From the dog days of summer to the frigid cold of a Virginia winter, Pamela’s power bill was always high.
Pamela Mason had been living in the same two-story home on the family farm for years, but for some reason her monthly power bill had gotten completely out of hand over the last several months.
She tried all of the obvious tricks, like setting her thermostat to 68 degrees in the winter before moving it toward 78 degrees as the summer months approached, but it didn’t matter; her power bill was still pushing almost $400 per month.

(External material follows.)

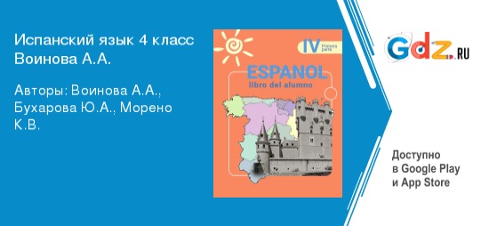 Изучение испанского языка в начальной школе несёт в себе не только образовательные и воспитательные функции, но и помогает подготовиться к уроку. Изучение иностранного языка это всегда кропотливый труд. К сожалению, многие ученики не могут осилить даже элементарные правила грамматики на начальном этапе. На помощь приходит ГДЗ по испанскому языку 4 класс автор Воинова А.А., который и поможет разобраться в самых сложных моментах. Пособие полностью соответствует всем требованиям федерального государственного образовательного стандарта начального общего образования.

Pamela even started watching her light use closely, making sure that she only had the lights on in the room that she was using. Still, the months rolled on and the bills kept coming.
$340 for June. $365 for July. How could she afford to keep paying these astronomical bills?
Sometimes the answers to our money-saving questions are not always the obvious ones.
Pamela’s problem, for example, went on for months on end, until a seemingly unrelated issue sprang up – the water pump on her well water system went out.
One visit from her local plumber and Pamela soon realized that her exorbitant power usage had little to do with her thermostat, and more to do with her water pump kicking on every few seconds because of a faulty pipe.
That single issue with Pamela’s water pump running 24/7 cost her dearly – and she went for months without diagnosing the problem. So what can we all learn from Pamela’s power predicament?
You may be completely baffled by the triple-digit bills that are coming from your power company every month, just as Pamela was. Let’s go over some steps you can take to ensure that when it’s time to pay your power bill, you’re not dishing out a penny more than you have to.
The month after Pamela Mason’s faulty water pump was replaced, her power bill plummeted by $100. Now Pamela has both the tools and awareness that are necessary for keeping her power bill as low as possible. Pamela may live on a farm, but she’s certainly made it clear that in her home, power hogs are not welcome.